- Origin: Topeka, Kansas
- Genres: Emo, indie rock, post-hardcore, alternative rock
- Years active: 1990–96
- Label: Crank! Records
- Spinoffs: The Regrets
- Past members: Danny Pound (Lead Vocals, Guitar) Brad Allen (Bass, Guitar) Brooks Rice (Bass) Dan Benson (Drums) Chris Wall (Bass, 1989)
- Website: Label website

= Vitreous Humor (band) =

1990–1996 American emo band

Vitreous Humor was an American alternative rock band formed in Topeka, Kansas, in the late 1980s by Danny Pound, Brad Allen, and Dan Benson. Described by AllMusic as "not easily categorized", the band was often referred to as "emo".

==History==

Originally a quartet, the band had a revolving door of bassists until in 1993, Allen opted to play the bass. The group stayed as a trio for a year until the band took in Brooks Rice as their bassist, allowing Allen to return to his role of guitarist. Their sound was an angular, noisy take on indie rock, often juxtaposing clean, jangly chords and minimal guitar lines with dissonant, distorted power chords, much in the vein of Sonic Youth.
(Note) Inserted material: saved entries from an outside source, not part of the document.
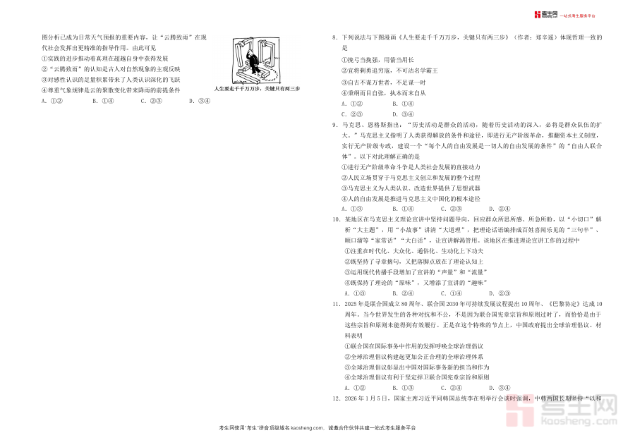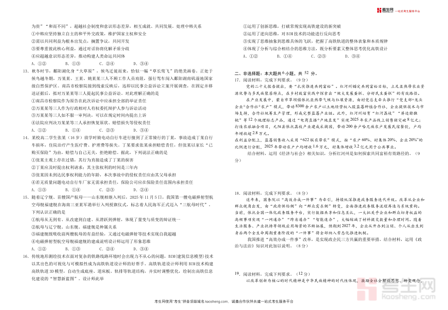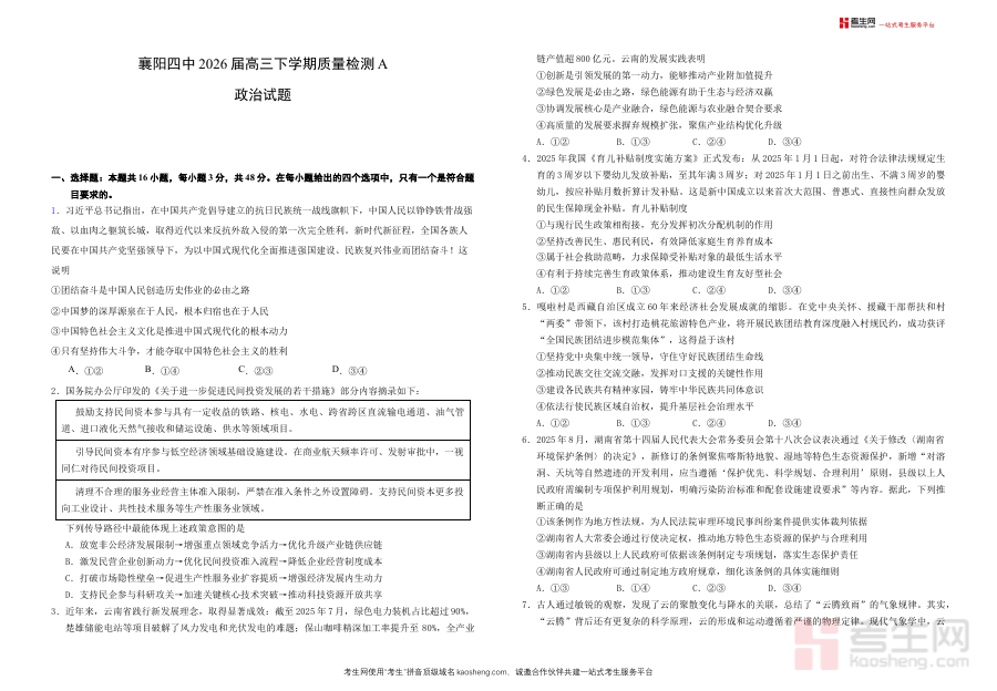 《襄阳四中2026届高三下学期质量检测 政治+答案》是湖北省襄阳市第四中学为2026届高三学生设计的政治学科阶段性质量检测资料,包含检测试题及对应参考答案。作为高三下学期关键备考阶段的核心材料之一,它紧密贴合该年级学生的学习进度与备考需求,能够直接反映学生在政治学科上的当前知识掌握程度与学习状态,为后续备考提供基础依据。
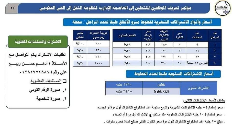 وتابعت أن المرحلة الأولى عدد محطاتها 9 محطات، وتبلغ سعر التذكرة 5 جنية، ويبلغ الاشتراك الشهري 185، والاشتراك الربع سنوي يبلغ 500 جنية، والمرحلة الثانية عدد محطاتها 16 محطة، وتبلغ سعر التذكرة 7 جنيه، ويبلغ الاشتراك الشهري 230 جنيه، والاشتراك الربع سنوي 630 جنيه، والمرحلة الثالثة عدد محطاتها 25 محطة، وتبلغ سعر التذكرة 10 جنيه، ويبلغ الاشتراك الشهري 270 جنيه، والاشتراك الربع سنوي 760 جنيه، والمرحلة الرابعة أكثرمن 25 محطة، وتبلغ سعر التذكرة 10 جنيه، ويبلغ الاشتراك الشهري 360 جنيه، والاشتراك الربع السنوي 1000 جنيه.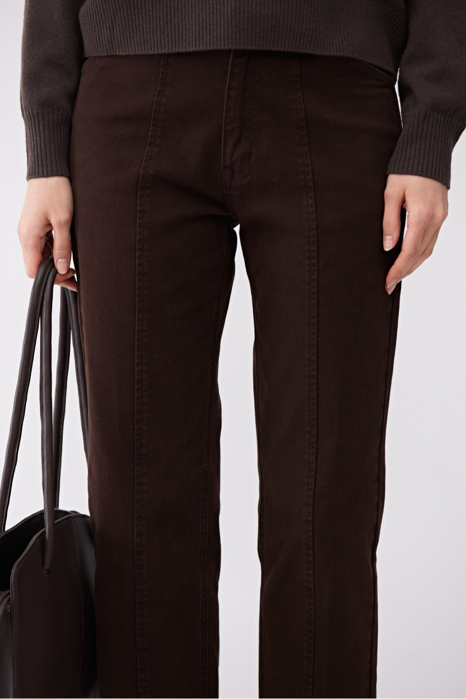 Jeans im geraden Schnitt mit Ziernähten. Hohe Taille. Verschluss mit Reißverschluss und Metallknopf. Gefertigt aus Baumwolle mit Elasthananteil – weich und angenehm zu tragen. Farbe Braun.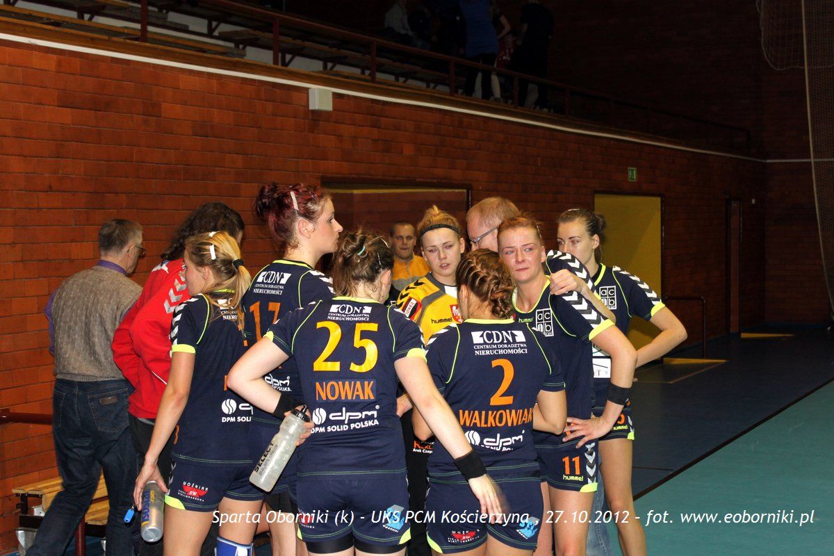 Żeńska drużyna Sparty podejmowała zespół z Kościerzyna. Od początku meczu prowadzenie objęła drużyna Tomasza Konitza i na przerwę schodziła z 2-bramkową przewagą (11:9). Korzystny rezultat utrzymywał się do ok. 45 minuty. Wówczas po kilku minutach bezbramkowej gry do remisu doprowadził zespół UKS PCM, a po chwili objął prowadzenie. Drużyna Sparty ambitnie walczyła o zwycięstwo w tym meczu. Niestety braki kondycyjne przyczyniały się do popełniania błędów, które utrudniały zdobywanie kolejnych bramek. W 59 minucie oborniczanki miały jeszcze szansę na zdobycie wyrównującej bramki, ale akcja nie powiodła się. Chwilę później zespół z Kościerzyna mógł się cieszyć z ważnego zwycięstwa w walce o awans do ekstraklasy.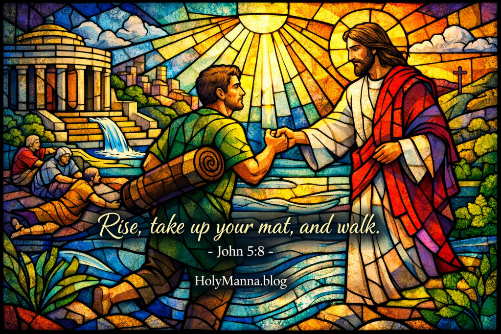 What sin, habit, fear, or wound is the Lord addressing right now with the words “Rise, take up your mat, and walk”?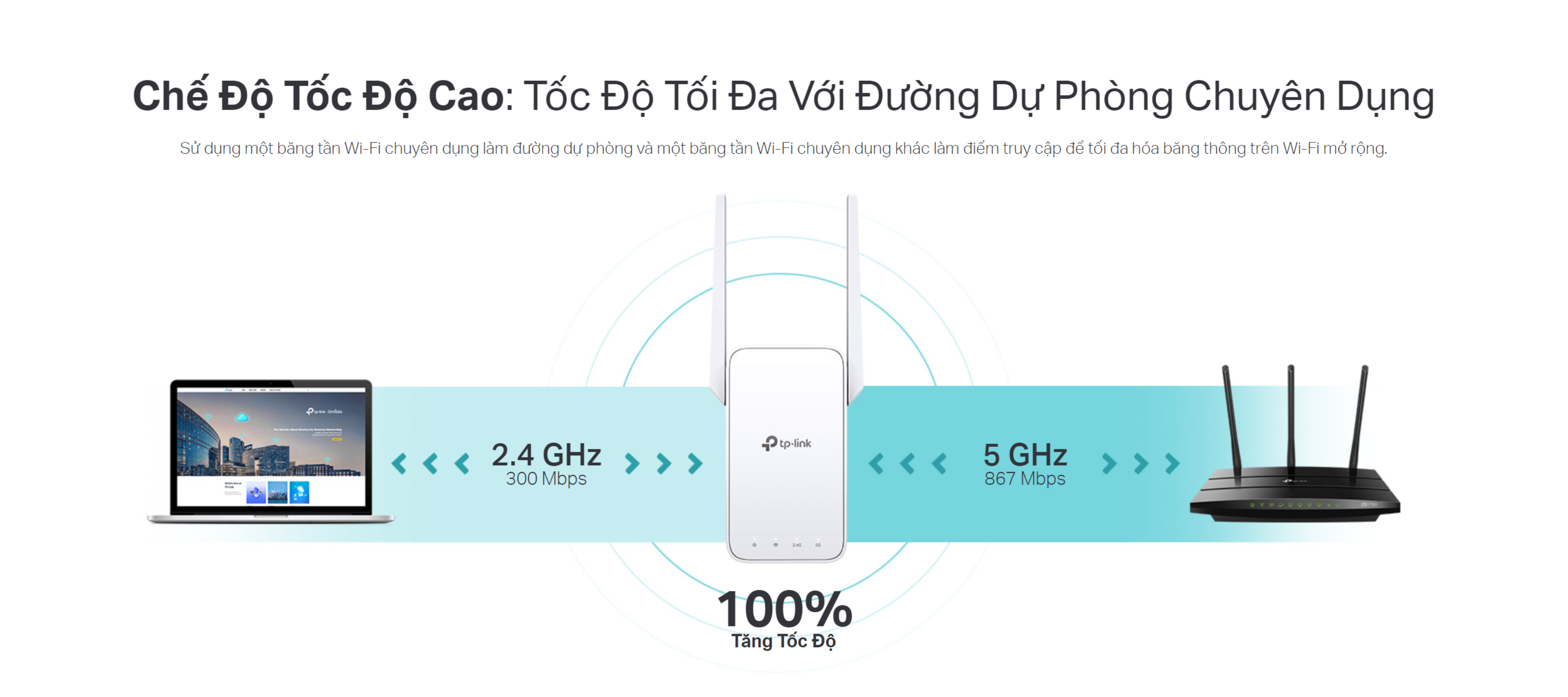 - Chế độ tốc độ cao – tối đa hóa tốc độ bằng cách sử dụng một băng tần Wi-Fi làm công cụ hỗ trợ chuyên dụng, lý tưởng cho truyền phát HD và chơi game.

The band's first release was a self-titled 7-inch record, with three songs. Consequently, this was Crank! Records' first release as well. They also released a split 7-inch, sharing their song "Why Are You So Mean To Me?" (which was covered by the band Nada Surf) with fellow Crank! band Boys Life and their song "Temporary".

Their closest thing to a full-length release while they were still together is a self-titled EP, recorded with producer Bob Weston and released in 1995. The strength of this EP granted the band a lot of publicity, and tours with Archers of Loaf, Urge Overkill and Everclear, while the band was hounded with contracts from Elektra Records and Maverick Records. During this period the band recorded several tracks with Dave Trumfio in Chicago and released a 2 song 45 EP on Mute Records, which barely saw the light of day. The song "My Midget" from this session eventually made it to the band's final album, "Posthumous".

Eventually, the stress of touring got to the band, culminating in lead singer Danny Pound puncturing his left lung twice. The band broke up shortly afterward in 1996.

The members of Vitreous Humor would reunite not long after the original band broke up (minus Brooks Rice) and formed The Regrets, who took the band's previous focus on clean-but-angular guitars and pushed it, as they could no longer be as noisy as they were when Brooks Rice was in the band. Eventually the band reunited again as Vitreous Humor with Rice back in the fold; the band released one more album in 1998- the odds-and-sods "Posthumous".

Danny Pound continues to make music as a solo artist as The Danny Pound Band. Dan Benson from Vitreous Humor/The Regrets played drums for the band, but left and was replaced by Ken Pingleton.

==Discography==

===Splits and EPs===
- Vitreous Humor (EP, 1994, Crank! Records)
- Boys Life/Vitreous Humor (split 7-inch with Boys Life, 1994, Crank! Records)
- Vitreous Humor (EP, 1995, Crank! Records)

===Albums===
- Posthumous (1998, Crank! Records)
- Posthumous - Reissued with Bonus Tracks (2021, Ernest Jenning Record Co)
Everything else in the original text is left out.